Careful Mistakes wasn’t meant to be a novel. I was an interior decorator (designer to British readers), I wasn’t a writer. Well, in truth I’d written a book about ten years before this, but I’d had one agent reject it so I thought that was that and felt clearly that my life’s path was choosing chintz, wearing dramatic earrings and being completely bored with earrings and chintz. It took me about seven years of sitting and chatting for hours with my clients to realize that the only thing that interested me about the work was hearing people’s stories. It’s odd, but there is something about choosing fabrics that makes people feel that they are in a therapy session. A surprising number of things bubble up over the satin and the stripes and I did nothing to discourage that.
Careful Mistakes was intended to be an hour or so of coming to grips with my father’s death. He had died a few days before from cancer and I since I’d been so consumed with his care and making sure that my mother was helped with the aftermath, I felt that I hadn’t really and truly processed the fact that he was gone.
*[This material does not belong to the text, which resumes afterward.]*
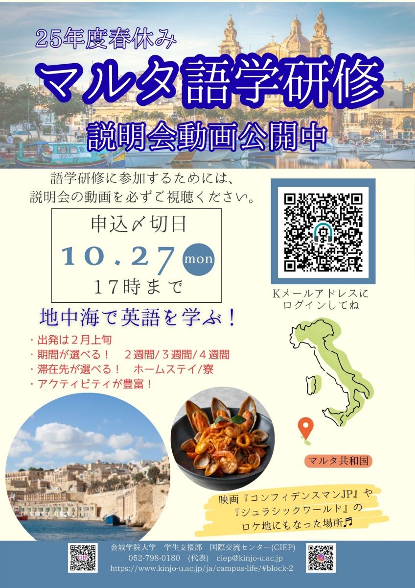 「2025年度春期マルタ英語語学研修」の参加者を募集しています。

I began to write, the words flowed and fifteen pages later I finally realized that I was no longer writing about my father.
The words that came out did deal with the death of an Episcopal Bishop, something my Lutheran father wasn’t, his adult daughter and his granddaughter. I put them in Connecticut, far away from the California that my father’s family settled in eight decades before. Initially the Bishop was the most important thing on the page, but once again the characters took over and I let the old man die in the first few pages.
All sorts of characters began to come on to the pages, some uninvited and some that were deleted in later versions. Over the next few weeks, I let my business slide. Granted a recession in the building trades had reared its ugly head, but in the past that had made me work harder. I stopped wearing those stupid earrings and let myself wear sloppy clothes, even in public. Meals around our house became slapdash and there were stacks of paper held together with massive clips on all the horizontal services.
My family didn’t complain although they could have. After all, I was a writer now.